Let's return to the moment of truth...the I'm getting pulled over/oh shit business of state troopers. What is notable about that moment is that all of the passengers in my vehicle, even the 13 month old, fell silent. Hear-a-pin-drop silent. (Well, except the spouse who briefly quipped, "I told you to slow down.") Now, Child No. 1 is a very in tune with rules and rightness, and I fully expected to be reprimanded by him, or for him to tell The Officer very matter-of-factly, "My mom was speeding." But there was nothing. Not a peep. I expected Child No. 2 to giggle, or ask The Officer if he liked mushy bananas which currently amuses my son. But he sat silently while Mommy Got A Ticket. Child No. 3 buckled securely into her five-point harness quietly sucked on her Nuk. Not a sound, not a single fussy moment to perhaps show The Officer that Mommy Was Distracted By All The Noise In The Car.
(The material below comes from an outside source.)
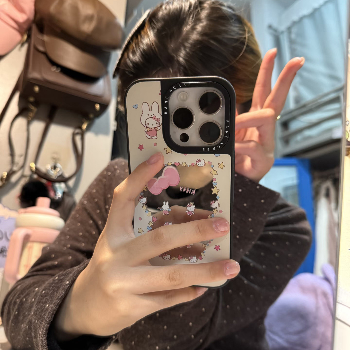 📚 补妆镜子猫咪适用苹果17手机壳iPhone17promax卡通16ProMax可爱12 13 14 15Pro镜面plus 高颜值air防摔保护壳

Nothing. Nada. Zip. Perfect silence. In a family with children, perfect silence always indicates something very bad has happened or is currently happening. The ticket was one hundred-forty dollars that I could no longer spend worth of bad! So, after receiving the ticket there was only one thing for me to do. Keep driving. You know, "life is a highway" and all that. It was clearly a message from the universe telling me to Slow Down, to the tune of $140.

Since going back to work full time (f/t WOTHM) I have been running. My friend/co-worker laughs at me because I actually "cross state lines" in order to complete one of my three pick-ups. I work 6 minutes from my home, but to round up each of my three children from each of their respective after-school/preschool/childcare programs it takes an hour to get home, if I rush. I've been running in heels, pushing a stroller across gravel to get to baseball games on time, crazed to be on time, get there on time, make good time. Getting out the door and later back in the door with hats and shoes and daycare bedding, snack for 18 rug rats, school notices, changes of clothes, toys to share with friends, money for popcorn or ice cream or book fair, and homework (don't even get me STARTED on homework for elementary school kids) oh, and don't forget my planner for work with reminders to myself to make dentist appointments and follow up on completed health forms all of which has brought a level of crazy I would liken to feeling seasick on a roller-coaster. I want to get off the ride, really I do. I am getting off. I will slow down. Really.

Afterword: The puke happened on the trip back home, again while I was driving. Child No. 2 ate an entire Starbucks's apple fritter, and a bag of Teddy Grahams, and possibly half of a chocolate brownie "Z-Bar" all before 9 a.m. It was surprisingly easy to scrape the puke off both his clothing and car seat. Car sick puke is one thing. Stomach virus puke is another. I'll clean up car sick puke any time.